I got the severums from a LFS that specializes in cichlids and they are usually accurate about what the different fish are. They told me that they were Red headed severum which is the Rotkeil right? I believe I also saw it say somewhere else Heros Efasciatus. Aren't Rotkeil sevs Heros Efasciatus Rotkeil? I believe I read that somewhere. I am really hoping these are Rotkeil though!! I think I will have to wait until they are bigger and then see what they really are.


----------



## dwarfpike (Jan 22, 2008)

Generally red headed and rotkeil are the same, _Heros sp. Rotkeil_ .... they are not _H. efasciatus_ as of yet.

There is a local race of _H. efasciatus_ from the Tapajos river sold as redhead or redfaced Tapajos ...

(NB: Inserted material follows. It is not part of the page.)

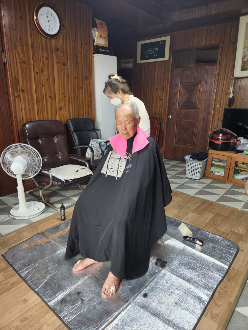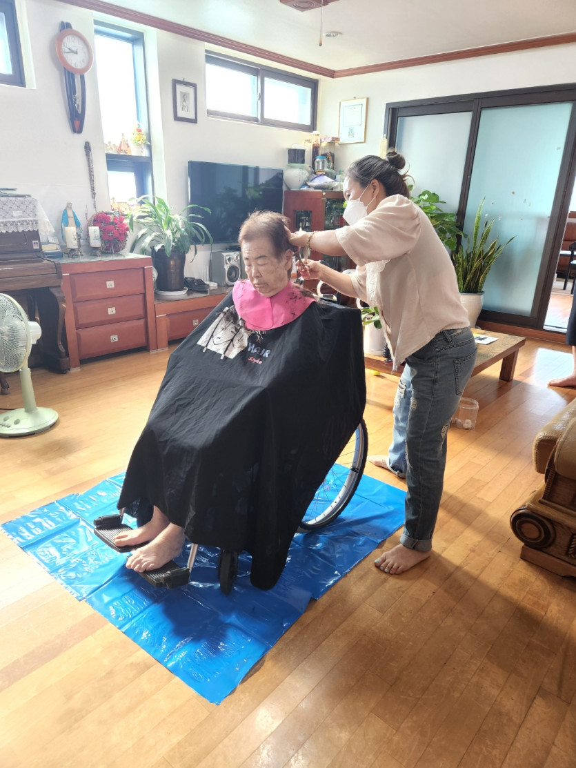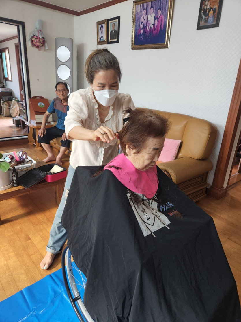 커트하시고 이뻐졌다 하니 좋아하시는 어르신들을 뵈오니 저 또한 기쁘고...감사했습니다... 함께 동행하며 뒷마무리도 해주시고,,, 어르신들 기분 좋아지는 수다도 해주시고 몸씻기도 도와주신 오정순선생님께도 꾸~~벅 감사를 드립니다..

It makes it confusing. Rotties tend to look like regular greens at small sizes.


----------



## M0oN (Dec 8, 2003)

I agree with dwarfpike, they're too young to positively ID. Rotties don't show color until about the 4" mark.


----------



## hey_wood1981 (Apr 7, 2004)

I've had one green severum and a group of 25 rotkeil severums. (as they aged I thinned the group down.) I see a faint blue on the dorsal fin in your pictures. My baby rotkeils had that blue as well. I don't recall seeing that on my green severum. I am no expert by any means but I just thought I'd share what I've expierenced.

As my rotties grew they developed red freckles around the face and gills. After that was visible for a while the freckles went away. Now, I can see a hint of what I guess would be best described as a solid red around the "neck" area. It's not strong enough to show up in pictures I've tried taking with my not so great camera.

I have too many in my 90 gallon right now. I need to make another trip to the fish store to trade some in. Only bad thing is the store I take them to is a ways away. I refuse to take them to any place local because I see how they treat their fish. :x 
The store I trade with puts them in their own 180 gallon. 8)


----------



## evenstarms (Jun 17, 2009)

There definitely is blue on the dorsal fins of all three of the juveniles. That gives me a bit more hope that they will turn out to be Rotkeils. Thanks for the info.


----------



## Mati18 (Oct 10, 2012)

Hey did these turn out to be rotties? I've got one arounnd the 3 inch mark showing no red but looking a great deal like the pictures you posted...


----------



## BillD (May 17, 2005)

For what it is worth, mine looked like that when they were juvies. As adults the heads are blue not red,although the shoulder is (hence the name red shoulder).


----------



## Mati18 (Oct 10, 2012)

Cool thanks Bill. My guy definitely has some blue metallic coloring starting on his face, but not red yet. But I'm still hopefull


----------